Between multimillion-dollar homes and a construction site, Shannon and Adam found a quiet place to call home. Will it last?

Jen St. Denis 23 Mar 2023TheTyee.ca

Jen St. Denis is a reporter with The Tyee covering civic issues. Find her on Twitter @JenStDen.

In a quiet patch of woods between a busy Vancouver construction site and a neighbourhood filled with multimillion-dollar homes, Adam and Shannon found a peaceful place to live.

Adam had moved to this part of Vancouver’s Vanier Park after living in a wooded area next to the south end of the Burrard Bridge for about eight years.

When the Squamish Nation began construction on a major new housing development, he moved one block west and built a home out of tents, tarps and wood in a forested part of Vanier Park. He and his partner Shannon have lived in the shelter for the last eight months. It’s a pleasant park — 17 hectares with views across to West Vancouver and the city’s West End.

A few steps down the hill is the shelter of their neighbour, a cabin-like dwelling that includes homemade steps down to a small pond where ducks swim and crows caw in the trees above. Bikes, carts and discarded items are visible amidst the undergrowth.

Neighbourhood residents have accused Shannon, Adam and their neighbour of spoiling this green space and even driving away a resident eagle.

After two fires, park rangers have now moved in to evict the three residents. Elvira Lount, a Kitsilano resident who had written about her concerns about the camp, later posted her thanks to the Vancouver Board of Parks and Recreation for telling the homeless people to “pack up and leave.”

But supporters of the three encampment residents say the eviction violates a memorandum of understanding the park board signed in 2021. According to that MOU, the park board committed to enforce a bylaw prohibiting permanent structures only when “suitable spaces are available for people to move to.”

Adam said he had only ever been offered a room in a single-room occupancy building, or century-old hotels where residents live in small rooms with no bathroom or kitchen of their own. He said he visits friends who live in SROs, and he does not want to live in one. Shannon said she had lived in an SRO before, but like many other SRO residents, she believes the water in the aging buildings is not safe to drink or bathe in.

Shannon said she doesn’t feel comfortable living in a homeless shelter either, and prefers to stay away from the east side of the city.

The Vancouver Board of Parks and Recreation says residents of the encampment have been offered indoor shelter 19 times since Nov. 4. The parks board believes those offers fulfil the terms of the memorandum of understanding. Staff confirmed that encampment residents have been offered SRO rooms and shelter spaces.

"Encouragingly, the individuals sheltering at the park have recently requested to have a conversation with the city’s Homelessness Services team for further support," parks board staff wrote in an email to The Tyee.

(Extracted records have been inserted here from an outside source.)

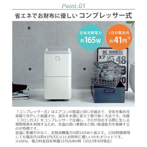 | 50Hz:6L / 60Hz:7L ※室温27℃、相対湿度60%を維持し続けた状態での1日当たりの除湿量です。 |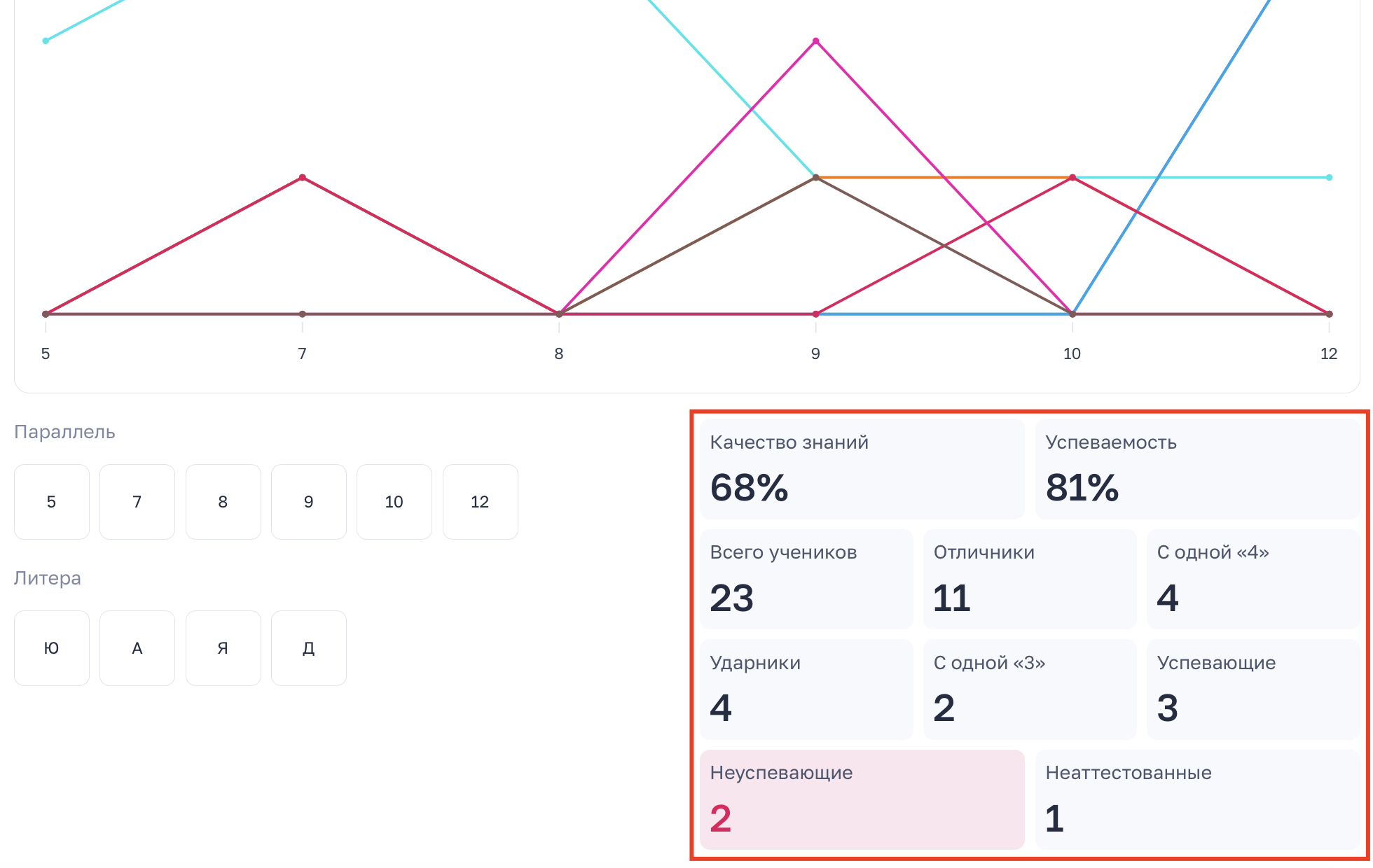 После выбора литера отображается статистика только по выбранному классу.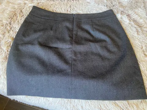 Falda súper linda. Súper padre en color gris tela un poco gruesa con forro bolsas al frente con botón de repuesto en perfectas condiciones Medidas cintura 43cm, cadera 52cm y largo 43cm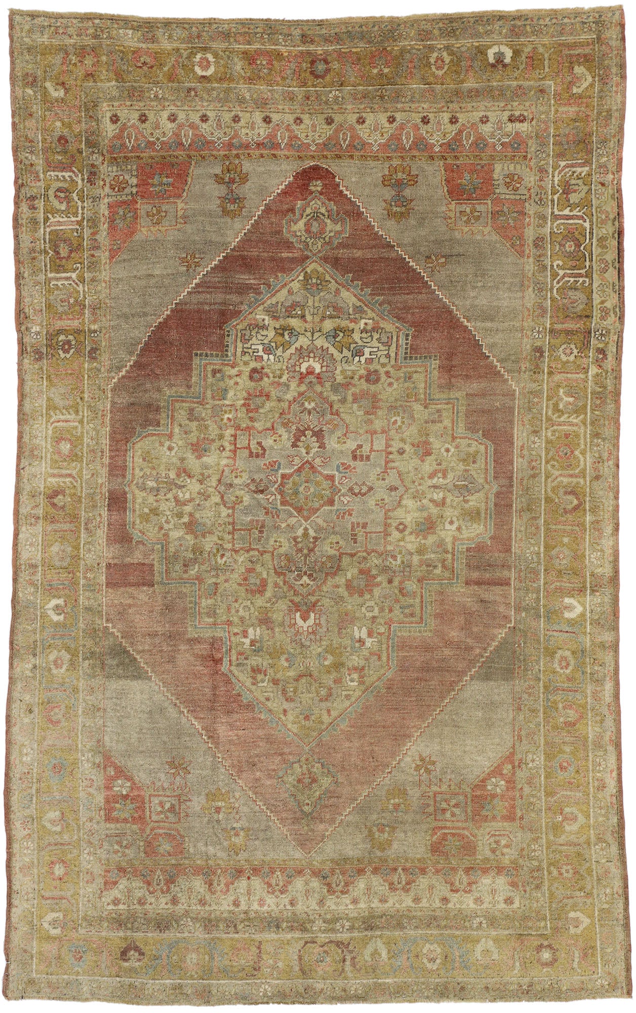 Soft and sumptuous, this hand knotted wool vintage Turkish Oushak rug with Jacobean style brings regal allure and rusticity to any interior it graces. Gentle abrash gradations appear throughout, adding to the casual aesthetic. Yet, the traditional formality of its grand medallion and elaborate spandrels lend a more Jacobean flair. This charmingly distressed vintage Oushak rug with Jacobean Style is incredibly versatile and looks just as ravishing in a Parisian loft along the Left Bank as it would in a re-purposed farmhouse in the countryside. Cherish this vintage Oushak rug flair for years to come.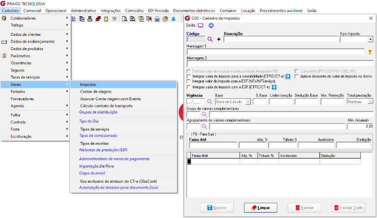 1. Cadastro Para efetuar o cadastro dos novos impostos (IBS e CBS), acesse a sequência de menus ‘Cadastro > Gerais > Impostos’. .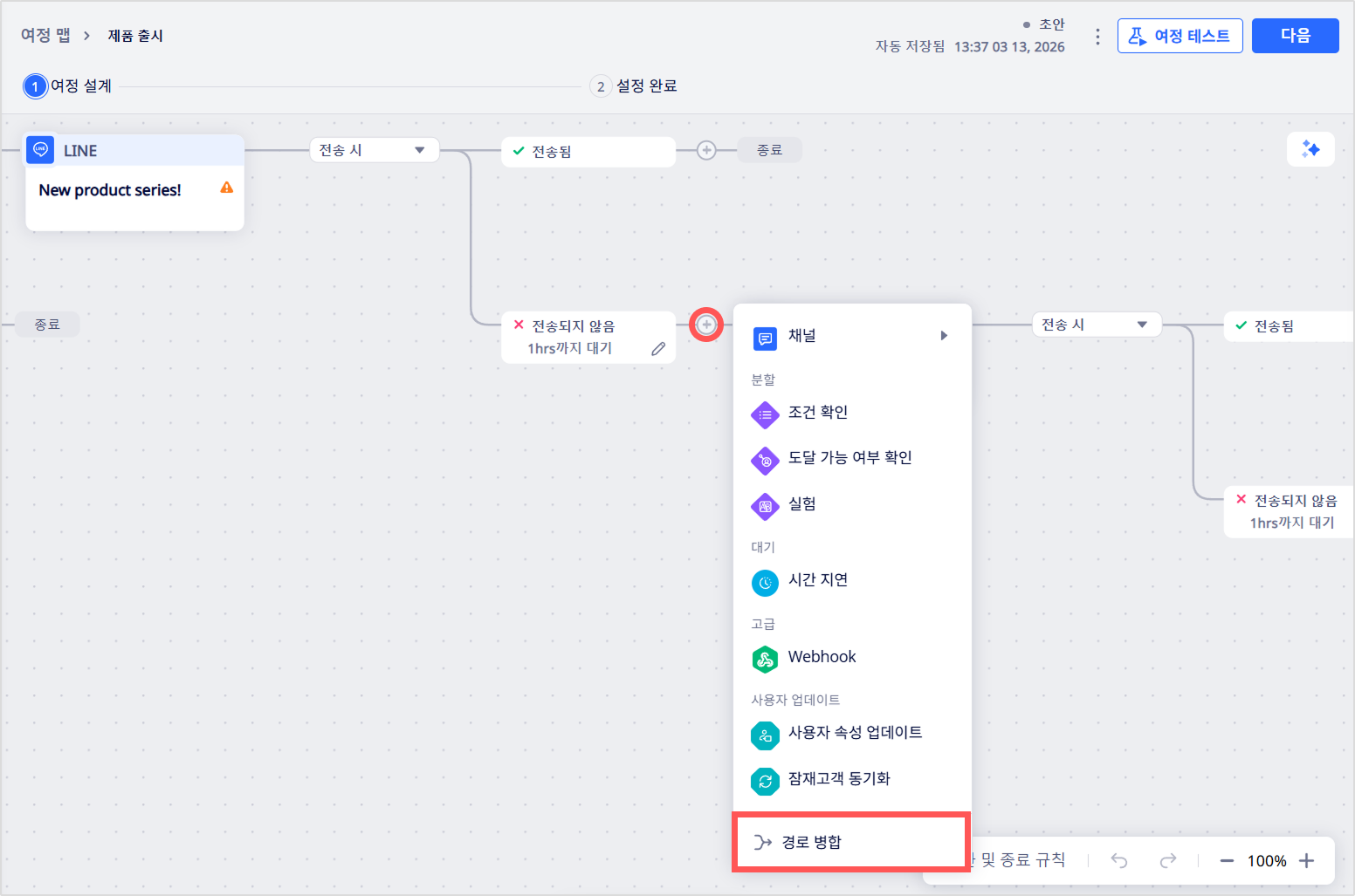 메시지 노드에서 갈라진 여러 경로를 다시 하나로 합칠 수 있습니다. 특정 경로만 골라서 합치거나, 모든 경로를 한 번에 합치는 것도 가능합니다.

A person in a black jacket and hat stands beside a wood shelter. A ladder rests against the structure. A skateboard lays on top of a blue tarp.
A park ranger attempts to speak with Shannon and Adam’s neighbour on Wednesday. Photo by Jen St. Denis.

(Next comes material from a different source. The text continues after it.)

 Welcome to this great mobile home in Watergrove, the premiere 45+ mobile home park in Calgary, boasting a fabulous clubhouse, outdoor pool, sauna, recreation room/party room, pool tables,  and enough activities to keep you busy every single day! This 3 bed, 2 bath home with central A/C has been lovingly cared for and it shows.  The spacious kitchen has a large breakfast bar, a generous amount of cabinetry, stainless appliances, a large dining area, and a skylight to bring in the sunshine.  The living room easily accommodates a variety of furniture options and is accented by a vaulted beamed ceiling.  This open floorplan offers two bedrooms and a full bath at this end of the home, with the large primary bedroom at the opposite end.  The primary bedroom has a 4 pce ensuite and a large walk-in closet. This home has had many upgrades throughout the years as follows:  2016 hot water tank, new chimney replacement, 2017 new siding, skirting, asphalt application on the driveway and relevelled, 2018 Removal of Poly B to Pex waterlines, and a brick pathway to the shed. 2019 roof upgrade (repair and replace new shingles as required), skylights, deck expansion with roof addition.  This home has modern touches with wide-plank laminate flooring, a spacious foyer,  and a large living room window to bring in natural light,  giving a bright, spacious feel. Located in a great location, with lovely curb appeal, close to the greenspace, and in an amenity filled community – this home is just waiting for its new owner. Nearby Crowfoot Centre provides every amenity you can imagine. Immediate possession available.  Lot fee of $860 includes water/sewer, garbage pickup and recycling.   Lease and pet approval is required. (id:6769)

In reaction to court rulings that affirmed people’s right to camp overnight on public lands when there were no alternative places to shelter, Vancouver Park Board commissioners passed a new bylaw in 2020. It allows overnight tenting in parks for people who are experiencing homelessness, but only if tents are removed by 8 a.m. The bylaw also states that tents can’t be left unattended and prohibits campfires and propane stoves.

A 2022 court judgment found that the shelter being offered to residents in encampments was often inadequate or unavailable, putting a halt to the park board’s efforts to end a larger camp at CRAB Park in Gastown. That tent city is still in place, although the park board has limited its spread.

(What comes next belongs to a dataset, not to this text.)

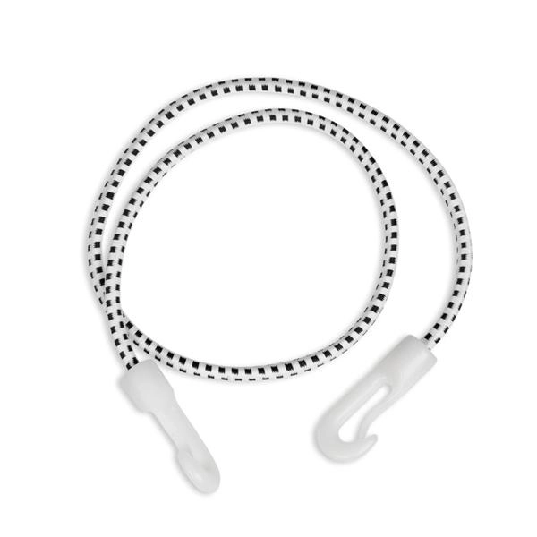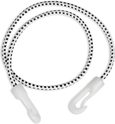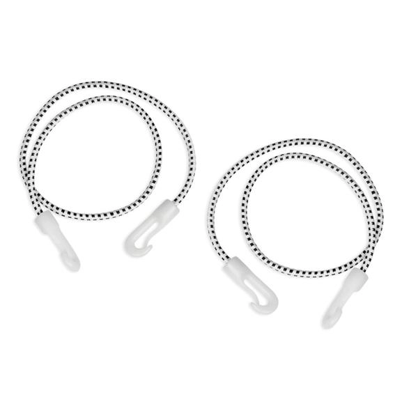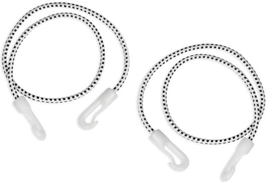 Dwie gumy montażowe z karabińczykami z twardego plastiku do szybkiego zakotwienia między podłogą a sufitem w pomieszczeniach o wysokości 180–300 cm.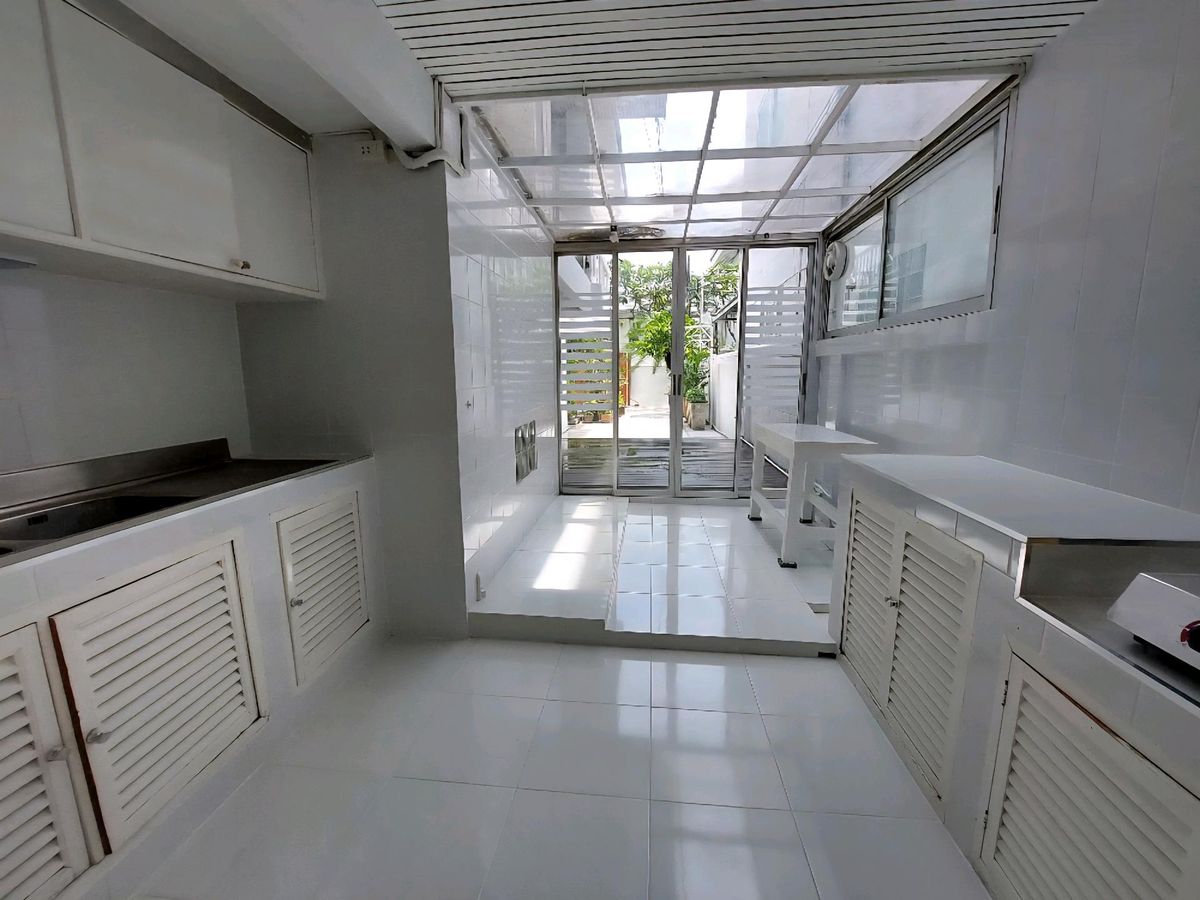 For rent, 2 storey detached house, area 64 sq m. 5 bedrooms, 2 bathrooms, 1 ironing room, 1 built-in kitchen, inside / outside kitchen. fully furnished Beautiful built-in after 8 air conditioners, loc

As The Tyee was speaking to Shannon and Adam on Wednesday, park rangers noticed a new fire starting in a pile of discarded items several metres away from the structures. One ranger told The Tyee that he had seen an older man with a dog near the fire who “took off up the hill as soon as he saw me.”

Tricia Barker, a former park board commissioner who is frequently in the Kits Point neighbourhood to work with several clients, said residents were mostly concerned about the risk of fire. According to media reports, park rangers removed around a dozen propane tanks on Tuesday.

Vanier Park is a point of contention for nearby Kits Points residents, many of whom have been loudly opposed to the Squamish Nation’s plan to build high-density housing on land the nation owns near the Burrard Bridge.

Residents recently protested the construction of a new road through part of Vanier Park that is part of the development plan and rallied with signs proclaiming “parks are for people.”

Barker said she was surprised to find that most residents she spoke to had not complained about the small encampment, even though it had been there for months. “I think the neighbourhood has been so tolerant of these people,” Barker said.

Adam and Shannon said their spot had provided a quiet place for them to live, and they don’t want to leave.

“We’re very accustomed to this and we’re just going to keep doing this,” Adam said.

“It’s not your Downtown Eastside,” said Shannon. “It’s slower, calmer.”  [Tyee]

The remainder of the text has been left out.